Several mechanisms may alter these fundamental rules governing perturbation transmission in metacommunities. In the following, we describe two mechanisms that can reverse the synchrony predicted by the simple model described previously: density-dependent dispersal and spatial heterogeneity.

Density-Dependent Dispersal

Most metacommunity models consider passive dispersal for the sake of simplicity. However, many species emigrate to find food or avoid predators (Fronhofer et al., 2015; Jacob et al., 2015). Quévreux et al. (2021c) included the density-dependent dispersal function of Hauzy et al. (2010) in the metacommunity model developed by Quévreux et al. (2021a) (see Equation 10 in the Supplementary Material).
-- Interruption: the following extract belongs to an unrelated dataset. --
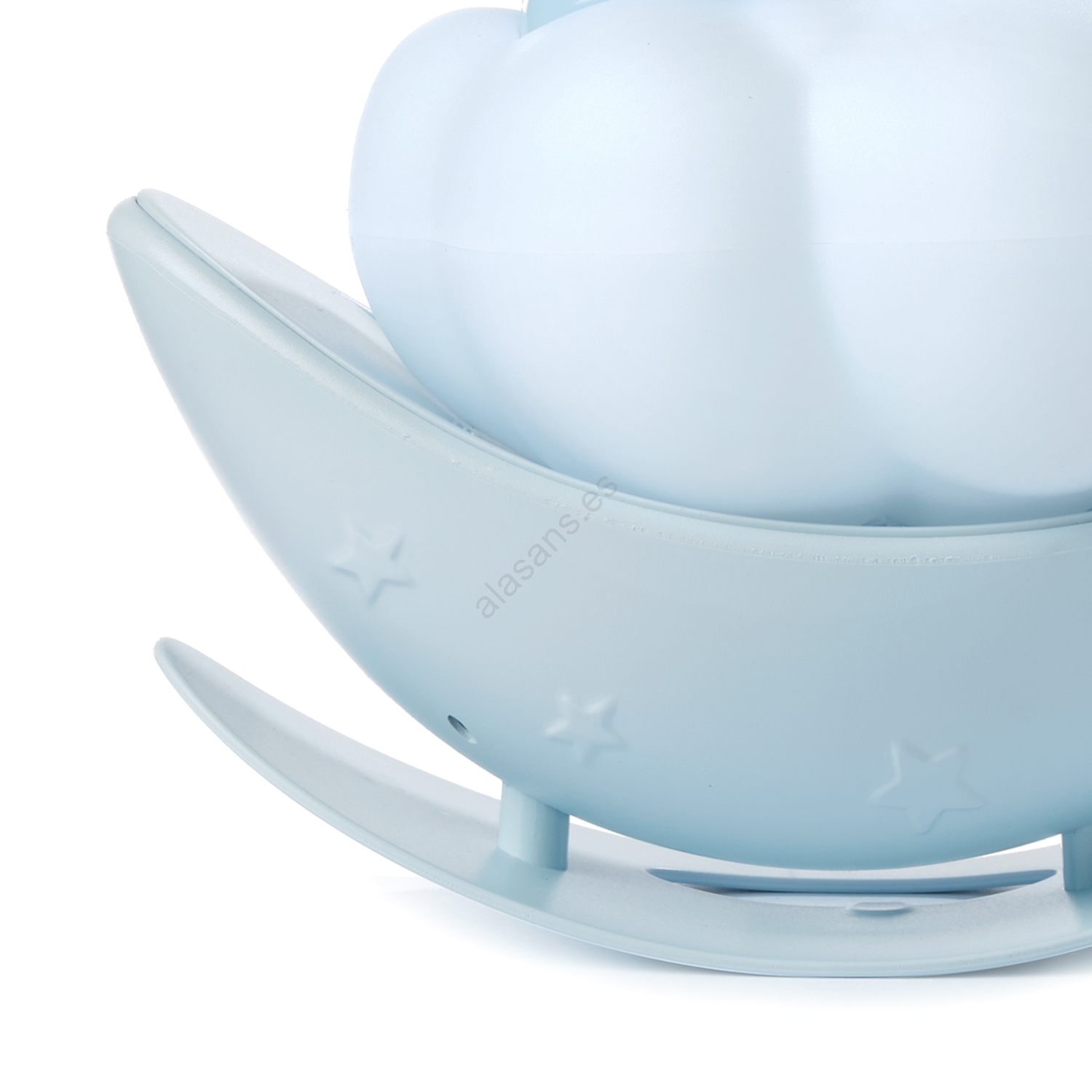 • La base consiste en una media luna de delicado azul con estrellitas destacadas, que se balancea suavemente al tocarla.

Thus, the dispersal of species i can be modulated by its own density, prey density and/or predator density. In the following, we only consider the prey density-dependent dispersal of predators (f_prey,i detailed in Equation 9a), but the two other dependencies are thoroughly described in Quévreux et al. (2021c).

\begin{array}{l} f_{p r e y, i} (B_{i - 1}) = \frac{B_{i - 1}^{- 1}}{B_{i - 1}^{- 1} + S_{i, i - 1}^{- 1}} & (9a) \end{array}

\begin{array}{l} S_{i, j} = S_{0, i} B_{j}^{*} & (9b) \end{array}

S_i,j is the sensitivity of the dispersal of species i to species j biomass density, with S_0,i a constant and $B_{j}^{*}$ the biomass of species j at equilibrium. f_prey,i(B_i−1) is a decreasing function of B_i−1, which means that a higher biomass density of prey in patch #1 decreases the emigration of predators to patch #2 (negative density-dependent dispersal). In addition, varying S_0,i enables us to tune the sensitivity of dispersal to biomass density. For instance, for prey density-dependent dispersal f_prey,i, a small value of S_0,i leads to a strong response to prey biomass while a high value leads to a weak response. In the latter case, dispersal is similar to passive dispersal.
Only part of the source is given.